Downside risks: The bank sees worse-than-expected price inflation and entry to new segments impacting margins as potential risks.
#3- Juhayna: The company is now looking at a target price of EGP 13.20 from EGP 9.80, a 0.5% upside, according to the bank. HSBC revised its revenue forecast for Juhayna to EGP 13.9 bn this year, up 7% from previous forecasts as the company pivoted to “focus on exports of concentrates which had much higher margins.”
Downside risks: HSBC sees raw material price volatility as a risk, as well as an increase in competition.

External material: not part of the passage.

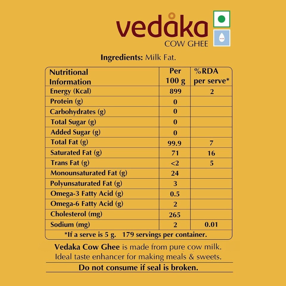 Vedaka cow ghee contains Vitamins A and E and healthy short chain fatty acids, providing you with important

#4- Oriental Weavers: The bank now sees the carpetmaker’s target price rising to EGP 18.30 from a previous EGP 13.10, a 25% upside to current prices. Revenue forecast is up 18% to EGP 17.4 bn this year, and up 17% in 2024 to EGP 18.2 bn, “due to the higher than expected EGP depreciation.”
Downside risks: The bank believes that tougher competition, an increase in raw material prices, or export delays could hurt the company’s performance.
#5- GB Corp: The bank sees the company’s target price increasing to EGP 9.40 a piece from its previous EGP 8.00, suggesting 46% upside from the current share price . GB Corp stands out as the only company for which the bank has trimmed its revenue forecast. HSBC now sees the company recording revenues of EGP 20.9 bn this year, down 34% from previous forecasts, and revenues of EGP 31.6 bn in 2024, down 12%. “We lower our volume estimates for 2023 for Egypt passenger cars and two wheelers due to supply shortages due to FX availability and import restriction.”
Downside risks: The bank cites a potential EGP devaluation as one of the downside risks of investing in GB Corp, seeing as it would result in price hikes, hurting sales in the process. It also zeroes in on supply and demand risks.